Transaksi belum bisa dilakukan karena masih menunggu persetujuan pemegang saham Activison Bizzard. Kesepakatan akan ditutup tahun 2023.

Sebelum transaksi terjadi, Activison Bizzard akan beroperasi secara independen. Setelah transaksi, Activison Bizzard akan melapor ke Phil Spencer.

Di lantai bursa, saham Activison Bizzard melonjak hinggal 30 persen menjelang pembukaan Selasa pagi. Saham Microsoft justru turun 1,5 persen.

Game menjadi fokus utama Microsoft dalam beberapa tahun terakhir. Sebab, pandemi menyebabkan orang lebih banyak tinggal di rumah dan menghabiskan waktu brmain.

Pada Januari 2021, di tengah tingginya permintaan akan konsol Xbox Series X dan Series X, pendapatan Microsoft melampaui 5 miliar dolar AS, atau Rp 71,7 triliun, kali pertama.

Akuisisi ini akan meningkatkan bisnis game Microsoft dengan penambahan penambahan game Activison Bizzard dan 400 juta pemain aktif bulanan. Microsoft juga akan mengakuisisi studio game global Activision dengan hampir 10 ribu karyawannya.

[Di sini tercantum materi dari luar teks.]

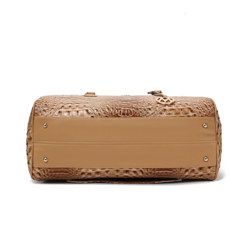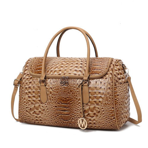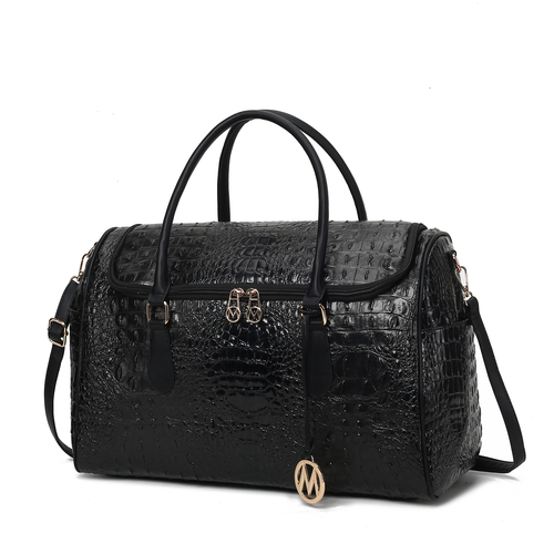 Rina Crocodile Embossed Duffle Bag - a luxurious fusion of style and functionality. Crafted from high-quality embossed crocodile-patterned vegan leather, this bag showcases a refined and modern aesthetic. Smooth handles and an adjustable crossbody strap offer comfort and versatility. Side magnetic snap pockets and a trolley sleeve provide quick access and convenience. A flat base with protective metal feet ensures durability, while the double zipper closure opens to a fully lined interior with ample storage. Interior features a wall zip pocket and two slip pockets, while the exterior boasts side magnetic snap pockets and a trolley sleeve with a zipper pocket compartment.
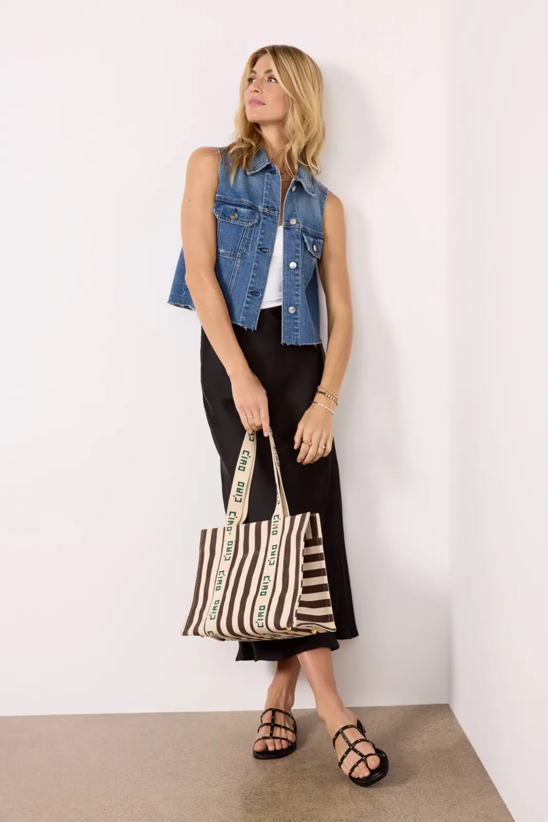 A fitted black or white button-down vest is sophisticated and sexy, especially with matching pants for a twist on the matching set or with your favorite denim shorts or jeans.

Rencana Microsoft untuk cloud gaming akan dipercepat oleh kesepakatan, dan perusahaan berharap mendorong komunitas Xbox ke ponsel, tablet, laptop, dan perangkat lain secara global. Judul populer dari Activision seperti Candy Crush juga akan meningkatkan posisi Microsoft di game mobile.

"Memperoleh Activision akan membantu kami memulai upaya MSFT yang lebih luas dan pada akhirnya pindah ke metaverse dengan game monetisasi pertama dari metaverse," kata Dan Ives, analis Wedbush.

Metaverse dipuji sebagai langkah besar berikut untuk industri teknologi, meski masih ada jalan panjang dunia virutal menjadi kenyataan. Video game kemungkinan akan memainkan peran sentral.

Satya Nadella, CEO Microsoft, mengatakan; "Gaming adalah kategori paling dinamis dan menarik dalam hiburan di semua platform saat ini, dan akan memainkan peran kunci dalam pengembangan platform metaverse.